See What Your AI Sees: Multimodal Tracing for Images, Audio, and Files

· 4 min read
MLflow maintainers
MLflow maintainers

Your agent analyzes images, transcribes audio, and processes PDFs. But when something goes wrong, your traces show nothing but opaque base64 strings: megabytes of iVBORw0KGgo... buried in JSON. You can see that an image was sent, but not what was in it. You can see audio was returned, but you can't play it. And every one of those multi-megabyte strings is stored directly in your trace database, bloating storage costs and slowing down queries.

Today we're announcing multimodal tracing in MLflow. Binary content is automatically extracted from traces, stored efficiently as artifacts, and rendered inline in the UI exactly as your model saw it.

A multimodal trace showing an image rendered inline alongside the model's text response in MLflow's chat view

Why Text-Only Traces Fall Short

As LLM applications move beyond text (vision models analyzing photos, audio models transcribing calls, agents generating images), three problems compound:

  • Database bloat: A single image generation response embeds ~1.8MB of base64 directly in your span JSON. Across thousands of traces, that's gigabytes of binary data stored in your tracking database, data that was never meant to live in a relational store.
  • Slow queries and UI: Loading a trace list means fetching all that inline binary. Trace search slows down, the UI lags, and browsing production traces becomes painful.
  • Blind debugging: When a vision model misclassifies an image, you need to see the image alongside the model's response, not a wall of encoded bytes. Text-only traces make multimodal debugging impossible.

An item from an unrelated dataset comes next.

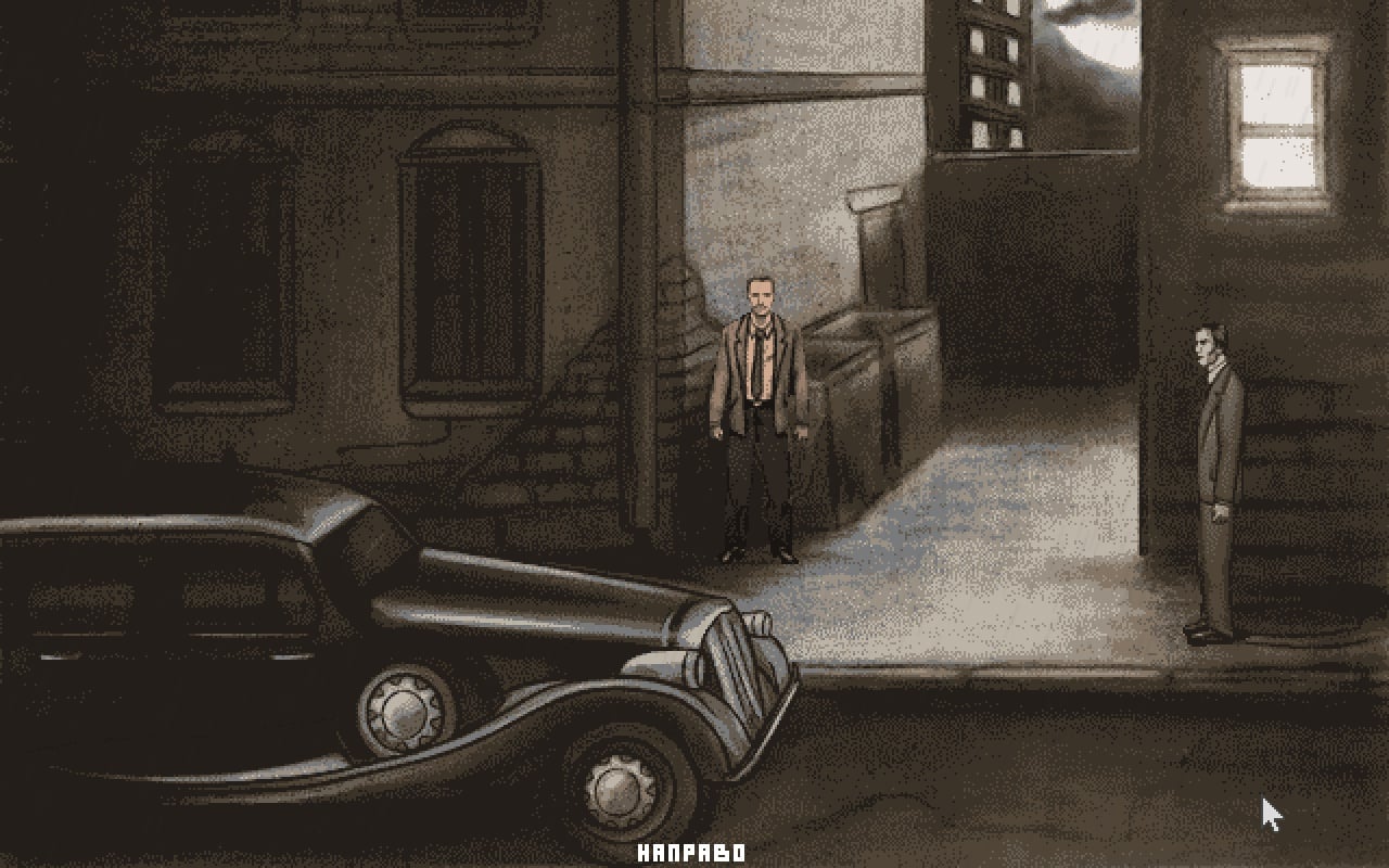 Casino Noir — это захватывающее point-and-click приключение, выполненное в уникальном стиле. Графика напоминает карандашные наброски, дополненные монохромным фильтром. Камера расположена сбоку, а во время диалогов плавно меняет ракурс, акцентируя внимание на лицах собеседников. Пользователь может выбирать темы беседы с NPC, что добавляет интерактивности.

Multimodal tracing solves all three.

How It Works

When MLflow detects binary content in a span, it pulls the bytes out and stores them in your existing artifact store (S3, Azure Blob, GCS, DBFS, or local filesystem), the same storage MLflow already uses for model artifacts. The span keeps only a lightweight reference URI, so the trace database stays small and queries stay fast. The UI fetches and renders the binary on demand when you open a trace.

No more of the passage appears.